According to the COLLATE documentation is
COLLATE
is a clause that can be applied to a database definition or to a column definition to define the collation or a string expression to apply a collation cast.
In short, specify the character set and rules you are using.
By separating COLLATE LATIN1_GENERAL_CS_AI
, we have the following functions.
LATIN1 : Defines the charset that will be used. You can do this for the bank or by query as shown in the response you posted.
CS: Specifies how Case Sensitive ;
AI: Specifies Insensitive Accent.
We also have other options, such as:
CI: Specifies as Case Insensitive .
AS: Specifies as Sensitive Accent .
BIN: Specifies the sort order to be used as binary.
See the code below:
DECLARE @texto varchar(50);
SET @texto = 'Olhe VOCÊ, está querendo aprender sobre COLLATES?';
--Retorno: True
SELECT CASE WHEN @texto LIKE '%voce%' COLLATE Latin1_general_CI_AI THEN 'True' ELSE 'False' END
--Retorno False
SELECT CASE WHEN @texto LIKE '%voce%' COLLATE Latin1_general_CS_AI THEN 'True' ELSE 'False' END
--Retorno: False
SELECT CASE WHEN @texto LIKE '%voce%' COLLATE Latin1_general_CI_AS THEN 'True' ELSE 'False' END
In all cases I'm looking for a word voce anywhere in the sentence.
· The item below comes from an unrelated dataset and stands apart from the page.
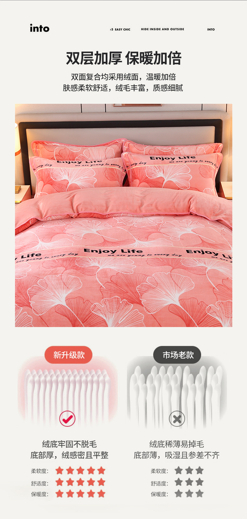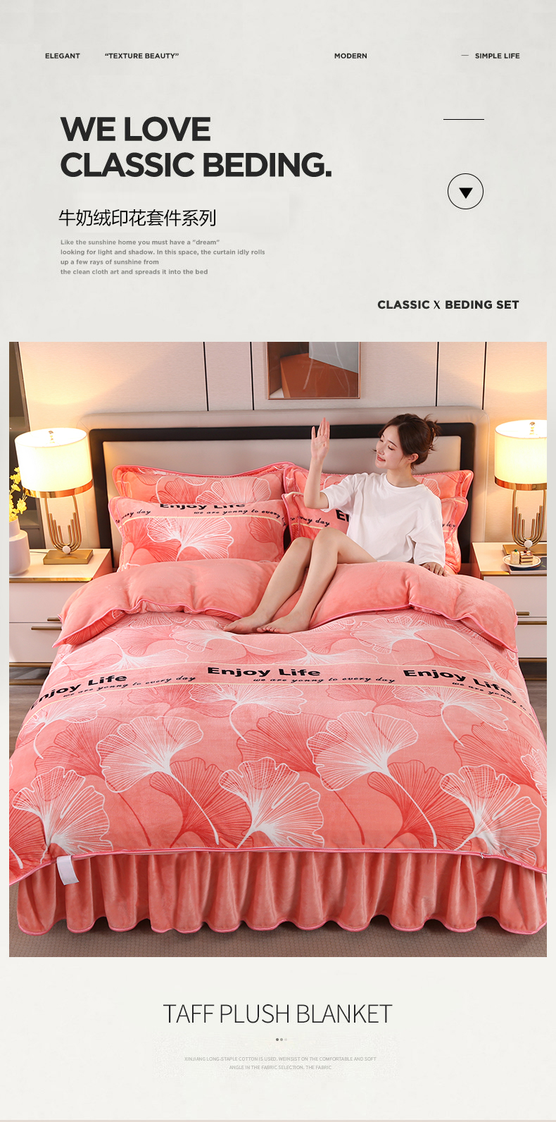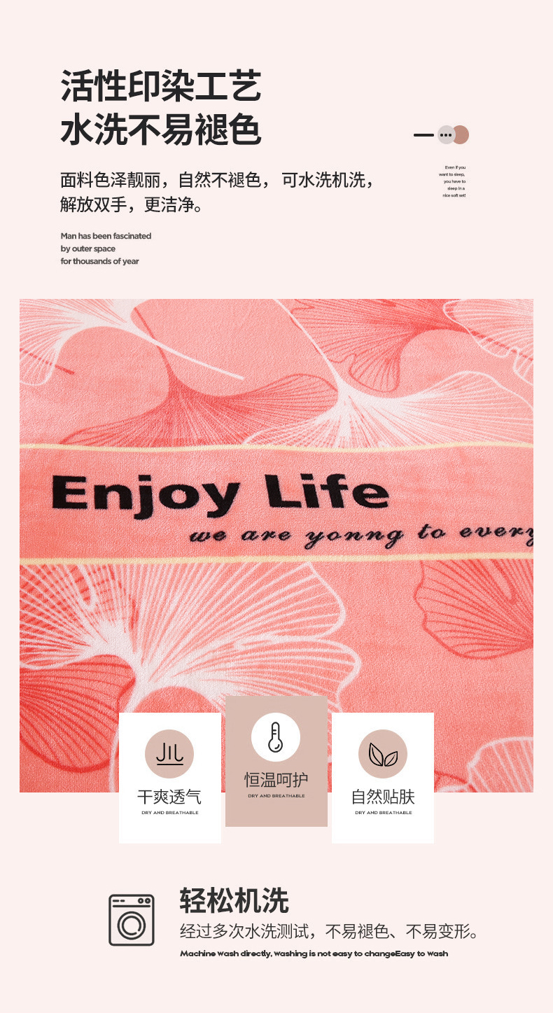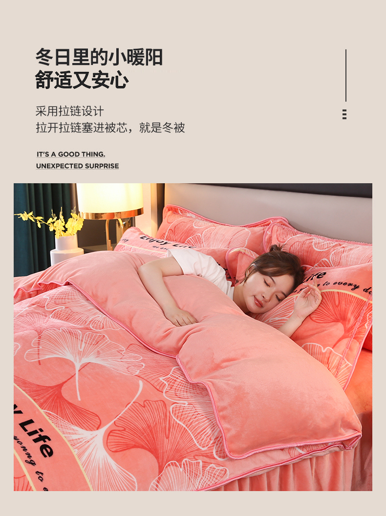商品名称:栩裕纺织 2025新款230高克重牛奶绒法莱绒印花四件套-直播热款8斤半 银杏满地粉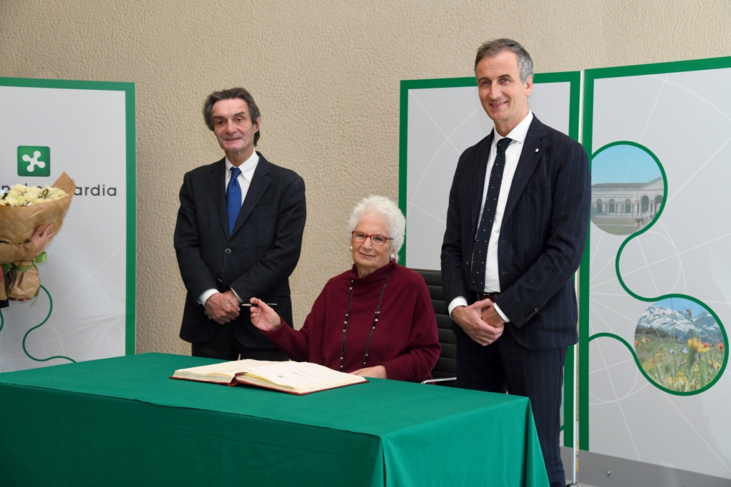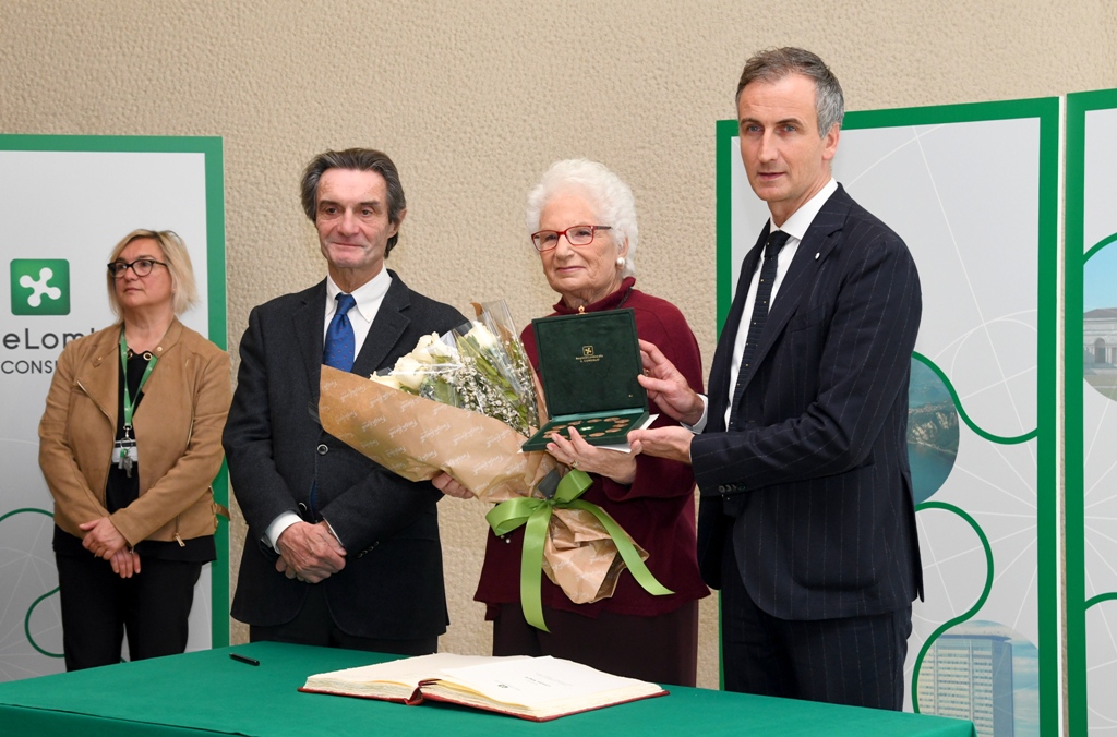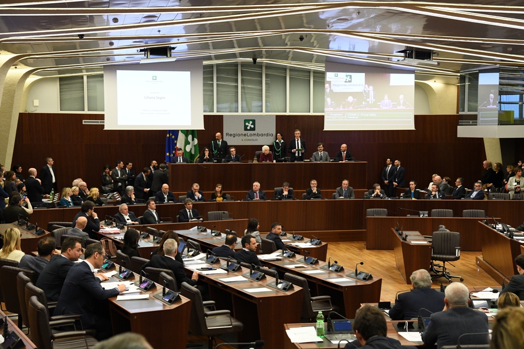 La senatrice Segre è entrata in Aula accompagnata dal Presidente del Consiglio Alessandro Fermi e dal Presidente della Regione Attilio Fontana, accolta dal lungo applauso dei Consiglieri regionali in piedi nell’Aula del Pirellone.

Note that in the first SQL
I'm using AI
(Accent Insensitie), that is, accents do not interest me and CI
(Case Insensitive), meaning I do not care if they have uppercase or lowercase characters. And with that my result will be True
, because in the text I have the word YOU in the text.
In other cases, where I'm using CS
and AS
, the results are False
, since I want it to consider the accents and case sensitivity.